On reading it, I immediately thought, “This is about Civil War history.”
There was the boring similarity of technique; the grain of truth carefully reconstructed culled from newspaper reports and bazaar gossip; the follow-up, less carefully done, betraying the deceiver’s contempt for the deceived; and finally, the flight of fancy, the stroke of artistic impertinence which wantonly terminated a relationship already under sentence.In the original context, le Carré (right) was talking about stories spread by the enemy in war. If we break it down, the tiny engine of pop history appears in all its parts.
There was the boring similarity of technique
… lineal storytelling on a strict timeline in a flat narrative style dolled up with a few old fashioned literary tricks from Jules Verne or Edgar Rice Burroughs.
the grain of truth carefully reconstructed, culled from newspaper reports and bazaar gossip
… some bit from the odd OR report and an anecdote or two that can advance the book's high concept.
the follow-up, less carefully done, betraying the deceiver’s contempt for the deceived
… the next instance of a trend, development, or characterization presented with even less evidence than the previous one.
and finally, the flight of fancy, the stroke of artistic impertinence which wantonly terminated a relationship already under sentence
… the resort to hyperbole in stretching an incompetent generalization beyond error to make it an outrage.
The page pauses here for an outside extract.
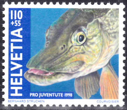 Aus der Schweiz kommt diese Marke mit dem Kopf eines Hechtes (Esox lucius).

Not even Napoleon himself … Never in military history … unprecedented error … unique opportunity ….
The “deceiver’s contempt for the deceived” shuts me down early in most readings. I have to want to suffer to get to that flight of fancy that must terminate my relationship with a book.
What is comical is encountering so many people mouthing flights of fancy as though they were precious insights harvested from some “scholar’s” deepest wisdom.
I have felt the sting of the author's contempt for me, as a reader, so harshly as to want to start three websites in retaliation. And I have. But the sting remains.